Splitting Equistore TensorMaps#

Module for splitting lists of TensorMap objects into multiple TensorMap objects along a given axis.

equisolve.utils.split_data.split_data(tensors: List[TensorMap] | TensorMap, axis: str, names: List[str] | str, n_groups: int, group_sizes: List[int] | List[float] | None = None, seed: int | None = None) Tuple[List[List[TensorMap]], List[Labels]][source]#

Splits a list of TensorMap objects into multiple TensorMap objects along a given axis.

For either the “samples” or “properties” axis, the unique indices for the specified metadata name are found. If seed is set, the indices are shuffled. Then, they are divided into n_groups, where the sizes of the groups are specified by the group_sizes argument.

These grouped indices are then used to split the list of input tensors. The split tensors, along with the grouped labels, are returned. The tensors are returned as a list of list of TensorMap objects.

Each list in the returned list of list corresponds to the split :py:class`TensorMap` at the same position in the input tensors list. Each nested list contains TensorMap objects that share no common indices for the specified axis and names. However, the metadata on all other axes (including the keys) will be equivalent.

The passed list of TensorMap objects in tensors must have the same set of unique indices for the specified axis and names. For instance, if passing an input and output tensor for splitting (i.e. as used in supervised machine learning), the output tensor must have structure indices 0 -> 10 if the input tensor does.

Parameters:
  • tensors – input list of TensorMap objects, each of which will be split into n_groups new TensorMap objects.

  • axis – a str equal to either “samples” or “properties”. This is the axis along which the input TensorMap objects will be split.

  • names – a list of str indicating the samples/properties names by which the tensors will be split.

  • n_groups – an int indicating how many new TensorMap objects each of the tensors passed in tensors will be split into. If group_sizes is none (default), n_groups is used to split the data into n evenly sized groups according to the unique metadata for the specified axis and names, to the nearest integer.
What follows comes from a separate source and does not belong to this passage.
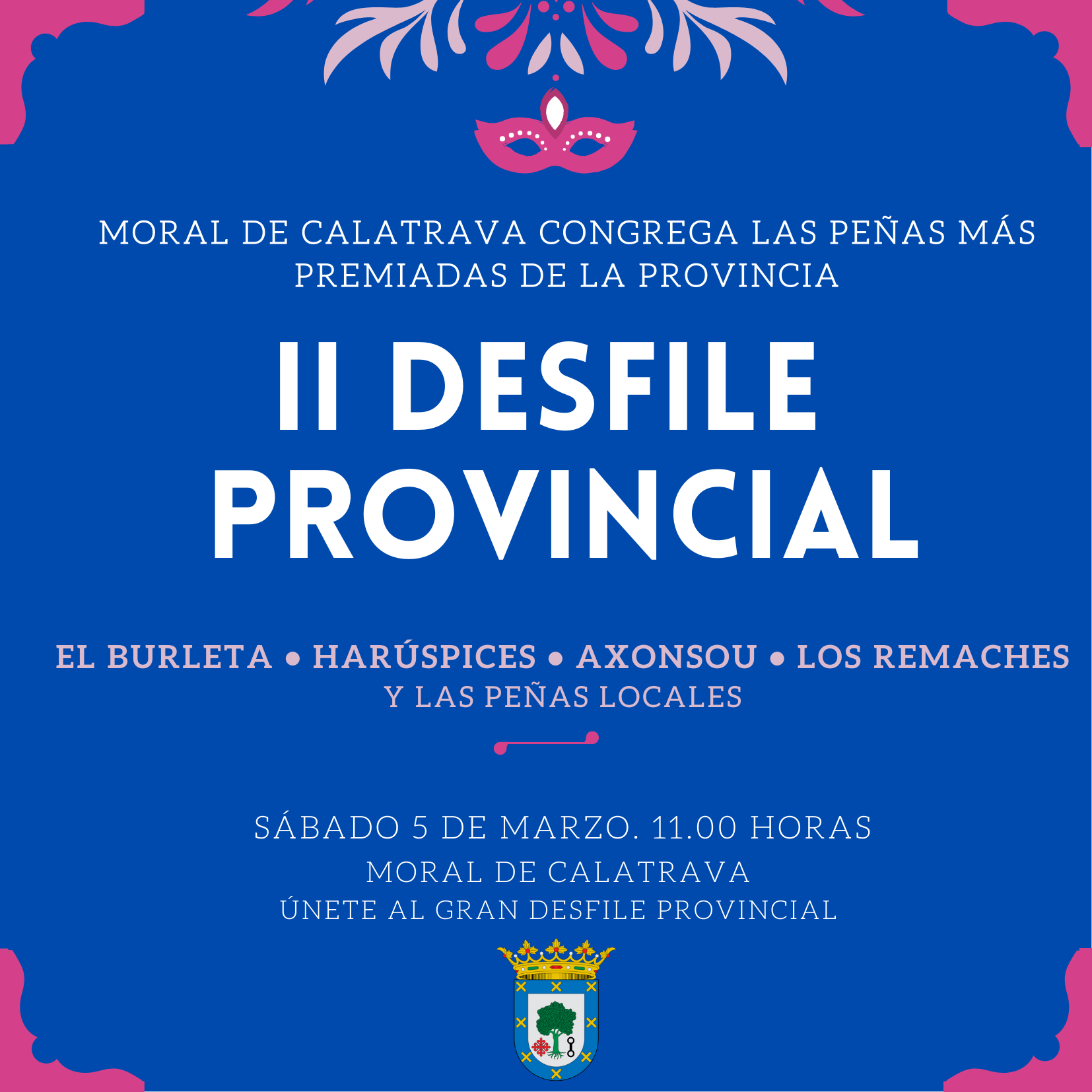 Este sábado 5 de marzo Moral de Calatrava se une a los grandes desfiles provinciales retomando la II edición del Desfile Provincial que congregará en la localidad a las peñas más importantes y premiadas de la provincia de Ciudad Real.

  • group_sizes – an ordered list of float the group sizes to split each input TensorMap into. A list of int will be interpreted as an indication of the absolute group sizes, whereas a list of float as indicating the relative sizes. For the former case, the sum of this list must be <= the total number of unique indices present in the input tensors for the chosen axis and names. In the latter, the sum of this list must be <= 1.
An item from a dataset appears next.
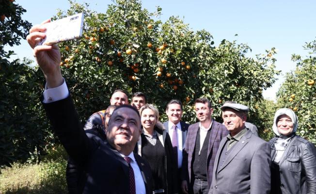 Başkan Böcek’in Kumluca programı kapsamında, daha önce Tarımsal Hizmetler Dairesi Başkanlığı tarafından faydalı böcek salınımı yapılan Çiftçi Muhammet Arıcan’ın portakal bahçesini ziyaret etti.

  • seed – an int that seeds the numpy random number generator. Used to control shuffling of the unique indices, which dictate the data that ends up in each of the split output tensors. If None (default), no shuffling of the indices occurs. If a int, shuffling is executed but with a random seed set to this value.

Return split_tensors:

list of list of TensorMap. The i th element in the list contains n_groups TensorMap objects corresponding to the split ith TensorMap of the input list tensors.

Return grouped_labels:

list of Labels corresponding to the unique indices according to the specified axis and names that are present in each of the returned groups of TensorMap. The length of this list is n_groups.

Examples#

Split a TensorMap tensor into 2 new TensorMaps along the “samples” axis for the “structure” metadata. Without specifying group_sizes, the data will be split equally by structure index. If the number of unique strutcure indices present in the input data is not exactly divisible by n_groups, the group sizes will be made to the nearest int. Without specifying seed, no shuffling of the structure indices will occur and they will be grouped in lexigraphical order. For instance, if the input tensor has structure indices 0 -> 9 (inclusive), the first new tensor will contain only structure indices 0 -> 4 (inc.) and the second will contain only 5 -> 9 (inc).
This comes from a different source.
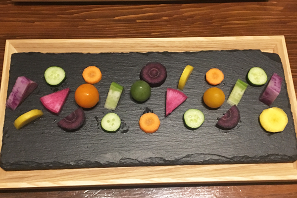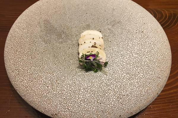 大皿は持って驚くぐらいにしっかり冷やされており、そのあたりにもシェフの気遣いが感じられます。中央にちょこんと配されているのは……。

from equisolve.utils import split_data

[[new_tensor_1, new_tensor_2]], grouped_labels = split_data(
    tensors=tensor,
    axis="samples",
    names=["structure"],
    n_groups=2,
)

Split 2 tensors corresponding to input and output data into train and test data, with a relative 80:20 ratio. If both input and output tensors contain structure indices 0 -> 9 (inclusive), the in_train and out_train tensors will contain structure indices 0 -> 7 (inc.) and the in_test and out_test tensors will contain structure indices 8 -> 9 (inc.). As we want to specify relative group sizes, we will pass group_sizes as a list of float. Specifying the seed will shuffle the structure indices before the groups are made.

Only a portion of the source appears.